Meandering off-task this morning, I was browsing the wikipedia entry for Aldous Huxley. It claims that he wrote the original screenplay for Disney's Alice in Wonderland. The entry for Alice does not corroborate this, so I searched more broadly. About.com's encyclopedia makes a similar claim. Another website describes it as an uncredited contribution.

About.com's encyclopedia is covered by the GNU free document license. It is, for all appearances, a cut-and-paste from the wikipedia. So it repeats rather than corroborates.

The wikipedia seems to serve as a relay in this way: Someone, call them Alpha, says X on their webpage. Alpha or someone who has read Alpha's webpage writes X into a wikipedia entry. Other people read it and say X on the websites or in on-line discussions. Because the wikipedia is more often consulted than particular websites, this amplifies the usual echo chamber effect. Wikipedia also has an air of comprehensiveness and ubiquity that makes people less likely to acknowledge it specifically.

In my jargon, this makes sampling a less effective method than it would otherwise be.

Since this is simply a matter of curiosity for me, I could easily have accepted this without much scrutiny. If I had added it to my stock of beliefs, I could easily have done so without remembering where I had read it. If I recalled it later in some other context, I might rely on it because I believed it.

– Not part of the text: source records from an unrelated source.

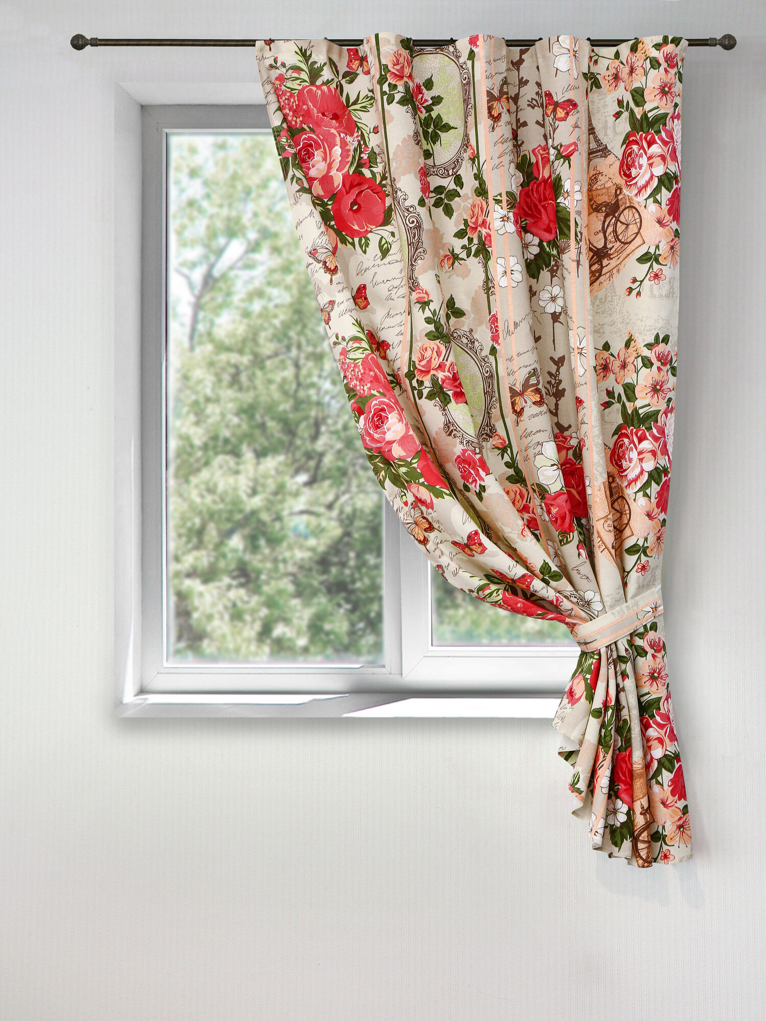 Штора для кухни короткая с подхватом 150х180 см хлопок Розы на бежевом
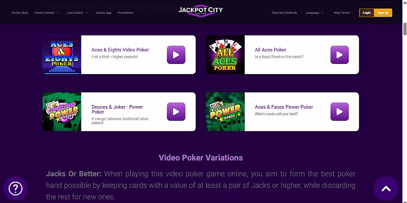 5. Jackpot City – Best Canadian Poker Site for RNG Poker Titles
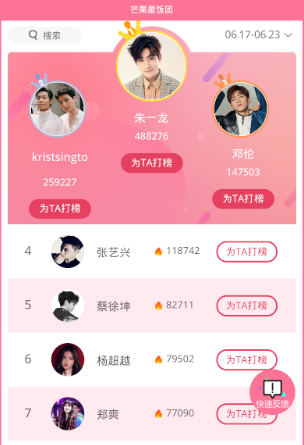 芒果星饭团app是一款专门服务于粉丝的应援打榜平台,在这里不仅可以实时了解到各个明星的最近资讯动态,以及行程计划,同时还能够为自己的爱豆实时打榜,以及查看榜单,与网友们参与各种实时热点话题,爱他就来为他打call吧!
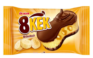 Состав: сахар, пшеничная мука, вода, растительные масла (пальмовое, пальмоядровое), глюкозный сироп, сывороточный порошок (молоко), яйца, осушители (глицерин, сорбит), декстроза, сироп из инвертного сахара, обезжиренный какао-порошок (1,6%), темный шоколад (молоко) (0,6%), соль, модифицированный крахмал, разрыхлители (динатрий дифосфат, гидрокарбонат натрия), консерванты (сорбат калия, пропионат натрия, сорбиновая кислота), эмульгаторы (моно- и диглицериды растительных жирных кислот, соевый лецитин, полирицинолеат полиглицерина), обезжиренное молоко, ароматизаторы, загустители (гуаровая гамма, каррагинан), кислотность регулятор (лимонная кислота), банановый порошок.
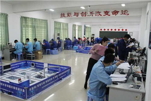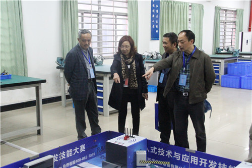 赛前,各参赛队在指导老师带领下依次进行检录、工位抽取、工具检查等准备工作。比赛过程中,参赛选手精神饱满,队员之间全力配合,充分展示了扎实的技能功底。我院副院长邓建国、邱丽芳及相关高职院校负责人高度重视比赛,现场指导工作,裁判员一丝不苟,教师工作人员积极配合,部分学生志愿者也利用课余时间协助站岗执勤,为比赛提供了公平、公正、便利、舒适的环境。

The worry about Huxley and Alice is just that the wikipedia can amplify ignorance or carelessness. Greater concerns arise when people start deliberately manipulating entries for their own ends. The defamation of John Seigenthaler seems to have been a practical joke, but more insidious manipulations are possible. Congress seems to be in on the act; congressional staffers are manipulating the entries on their bosses and their boss' adversaries [via ShortWoman].

UPDATE: Patrick Barkham has a clever piece in the Guardian about political spin of wikipedia entries.